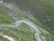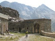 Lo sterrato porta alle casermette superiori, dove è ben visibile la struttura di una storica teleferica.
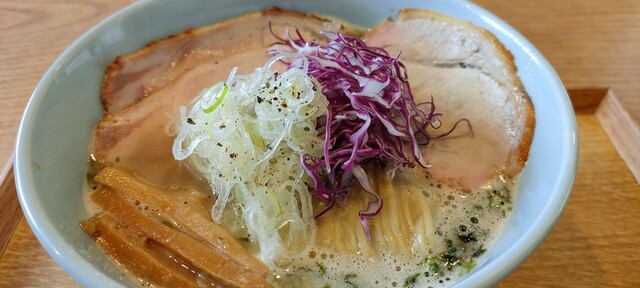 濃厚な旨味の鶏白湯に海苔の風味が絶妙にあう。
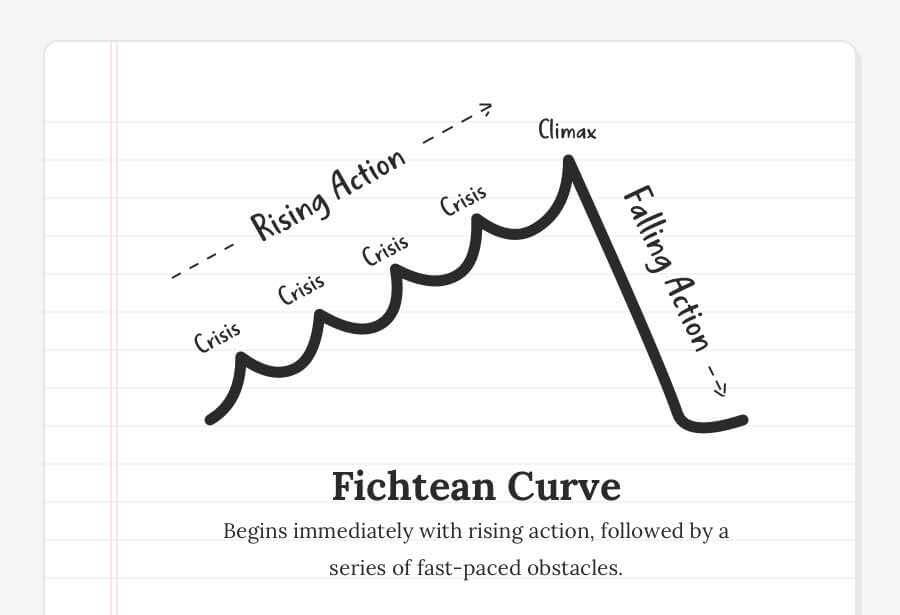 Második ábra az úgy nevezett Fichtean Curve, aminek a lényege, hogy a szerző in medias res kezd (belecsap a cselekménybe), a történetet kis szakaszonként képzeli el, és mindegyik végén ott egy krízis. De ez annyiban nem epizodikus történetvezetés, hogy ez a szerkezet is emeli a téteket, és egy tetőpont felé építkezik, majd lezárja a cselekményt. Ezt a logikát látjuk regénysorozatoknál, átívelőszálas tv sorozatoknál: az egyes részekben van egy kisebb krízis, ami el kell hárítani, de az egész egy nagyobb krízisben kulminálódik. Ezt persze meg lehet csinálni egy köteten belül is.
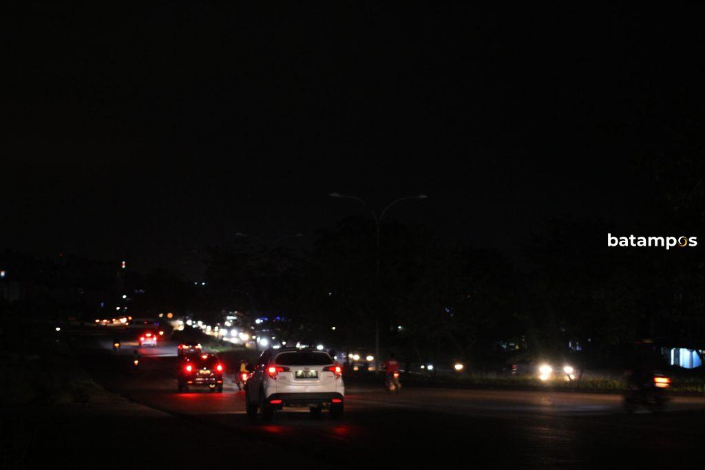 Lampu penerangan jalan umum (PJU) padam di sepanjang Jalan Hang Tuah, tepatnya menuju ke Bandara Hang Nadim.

--

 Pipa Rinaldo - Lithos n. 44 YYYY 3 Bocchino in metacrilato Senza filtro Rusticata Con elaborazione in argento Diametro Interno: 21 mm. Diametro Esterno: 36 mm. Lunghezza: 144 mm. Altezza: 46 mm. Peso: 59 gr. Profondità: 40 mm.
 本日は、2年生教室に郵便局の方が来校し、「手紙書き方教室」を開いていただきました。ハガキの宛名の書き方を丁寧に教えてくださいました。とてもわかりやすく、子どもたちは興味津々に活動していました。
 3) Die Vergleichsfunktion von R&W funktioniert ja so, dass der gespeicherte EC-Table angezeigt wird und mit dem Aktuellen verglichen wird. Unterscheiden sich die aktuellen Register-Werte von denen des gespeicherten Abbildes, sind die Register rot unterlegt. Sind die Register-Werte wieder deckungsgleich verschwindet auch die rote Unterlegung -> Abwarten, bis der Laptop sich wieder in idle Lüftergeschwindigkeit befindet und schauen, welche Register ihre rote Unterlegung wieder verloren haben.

Exercise description: When you reach the line holding "Lo sterrato porta" in the listing above, begin retyping exactly, and stop once the line holding "Lampu penerangan jalan" is done; pictures stay out.

Exercise output:
 Lo sterrato porta alle casermette superiori, dove è ben visibile la struttura di una storica teleferica.
 濃厚な旨味の鶏白湯に海苔の風味が絶妙にあう。
 Második ábra az úgy nevezett Fichtean Curve, aminek a lényege, hogy a szerző in medias res kezd (belecsap a cselekménybe), a történetet kis szakaszonként képzeli el, és mindegyik végén ott egy krízis. De ez annyiban nem epizodikus történetvezetés, hogy ez a szerkezet is emeli a téteket, és egy tetőpont felé építkezik, majd lezárja a cselekményt. Ezt a logikát látjuk regénysorozatoknál, átívelőszálas tv sorozatoknál: az egyes részekben van egy kisebb krízis, ami el kell hárítani, de az egész egy nagyobb krízisben kulminálódik. Ezt persze meg lehet csinálni egy köteten belül is.
 Lampu penerangan jalan umum (PJU) padam di sepanjang Jalan Hang Tuah, tepatnya menuju ke Bandara Hang Nadim.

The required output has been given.